Other brain-injury survivors using the book say they would write on yellow post-it notes, but wouldn’t be able to find the note they needed, or they’d put the piece of paper in their pocket or on their desk and forget where they put it.
They experience little or no shortterm memory. Many forget how to get to the corner store, what they wanted to buy, where they parked their car.
Their thoughts are scattered and unfocused. They are super-sensitive to light and sound, easily distracted, overwhelmed by small amounts of information and easily confused and disoriented about time and space.
One night in Port Townsend, Way’s parents spent three hours looking for her downtown. When a police officer found her, Way thought she had been gone for 15 minutes. Moeller’s Brain Book works because it has a place for most of the detailed information brain-injury survivors need.
Unlike a daily planner, she has sections that address the simple tasks of daily life, often difficult for people with brain injuries to remember.
For example, Way used to have a hard time talking to the friends she met after her injury, because she didn’t remember them or what she wanted to say.
Now, in her Brain Book, she is learning to turn to the “Talk To” section when she thinks of a thought she wants to tell a friend. She writes the person’s name at the top of the page and what she wants to tell him or her. When she is on the phone or sees a friend she turns to the “Talk To” page and can read back her own thoughts.
There is even a section that helps victims control their emotions, an act many find difficult.
After the red “UPSET” tab are pages labeled, “Feeling Fatigued,” or “Feeling Angry.” Here is where people list actions to take when they feel out of control. Moeller says some people write down a note to call a friend, take a break or read the serenity prayer as ways to calm themselves.
In January 1995, Moeller and Bev Naylor, a former teacher of special-needs children, formed Recognition Inc., an Ashland educational services company that provides training on how to use the Brain Book, job coaching, and training for teachers, skills trainers and health-care professionals on how to teach the Brain Book.
Naylor and many speech therapists agree that brain-injury victims learn best from continual practice and repetition.
So they train clients to reach for the Brain Book when the phone rings, and to automatically say, “Let me look at my book,” when someone asks what they did yesterday.
The system also comes with tape cassettes that help clients plan their day in the morning, review their Brain Book in the evening and prepare for the next day.
Way has been training with Moeller and Naylor for the past three weeks and plans to continue training for another month or more.
Way has used rehab services, but her parents couldn’t find a program that would help her learn how to live independently and teach her to progress, her mother says.
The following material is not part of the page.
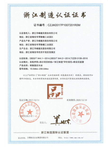 近日,华峰氨纶公司收到了由方圆标志认证集团公司和浙江制造国际认证联盟联合颁发的“浙江制造”认证证书,标志着公司耐氯氨纶长丝的各系列产品顺利通过了浙江制造业含金量最高的标准认证。

They discovered the Brain Book at a conference in Washington sponsored by the Washington Brain-Injury Association last fall. Way took to it at once. They made another visit to Medford for a few days’ training and then decided to come for intensive training.
Way’s mother says when her daughter started using the Brain Book, “there was a major change in Jenny’s attitude, in her sense of hope and her notion of getting better.”
Without her Brain Book, Way says, “I wouldn’t know how I would feel,” because it’s the thoughts and sentences she writes down in her daily log that trigger her to remember how she felt and where she went and what she did.
She would have no ability otherwise to retrieve that information for herself.
“I call it (the book) my brain,” Way says.
Because of her Brain Book, she says, “I know that the injury will be something I’ll always have, but now I feel I can overcome the difficulties.”